By analyzing existing cross correlation between Qbe Insurance Group and TPG Telecom, you can compare the effects of market volatilities on Qbe Insurance and TPG Telecom and check how they will diversify away market risk if combined in the same portfolio for a given time horizon. You can also utilize pair trading strategies of matching a long position in Qbe Insurance with a short position of TPG Telecom. Check out your portfolio center. Please also check ongoing floating volatility patterns of Qbe Insurance and TPG Telecom.

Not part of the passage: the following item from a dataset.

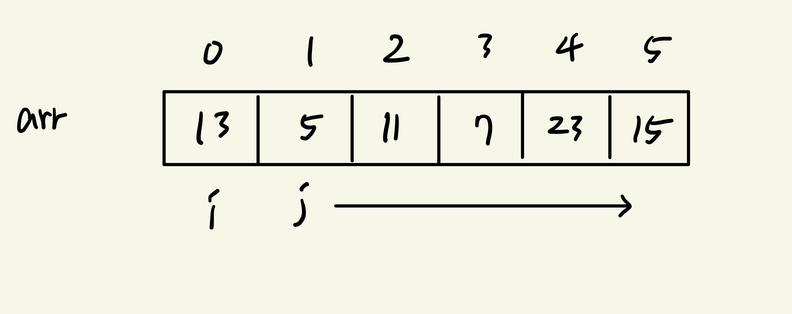 위와 같은 배열을 오름차순으로 정렬하고자 할 때 i의 index를 0에 고정하고 j의 index를 1부터 끝까지 순회하면서 가장 작은 값을 index 0에 배치한다.

Diversification Opportunities for Qbe Insurance and TPG Telecom

-0.06
  Correlation Coefficient

Good diversification

The 3 months correlation between Qbe and TPG is -0.06. Overlapping area represents the amount of risk that can be diversified away by holding Qbe Insurance Group and TPG Telecom in the same portfolio, assuming nothing else is changed. The correlation between historical prices or returns on TPG Telecom and Qbe Insurance is a relative statistical measure of the degree to which these equity instruments tend to move together. The correlation coefficient measures the extent to which returns on Qbe Insurance Group are associated (or correlated) with TPG Telecom. Values of the correlation coefficient range from -1 to +1, where. The correlation of zero (0) is possible when the price movement of TPG Telecom has no effect on the direction of Qbe Insurance i.e., Qbe Insurance and TPG Telecom go up and down completely randomly.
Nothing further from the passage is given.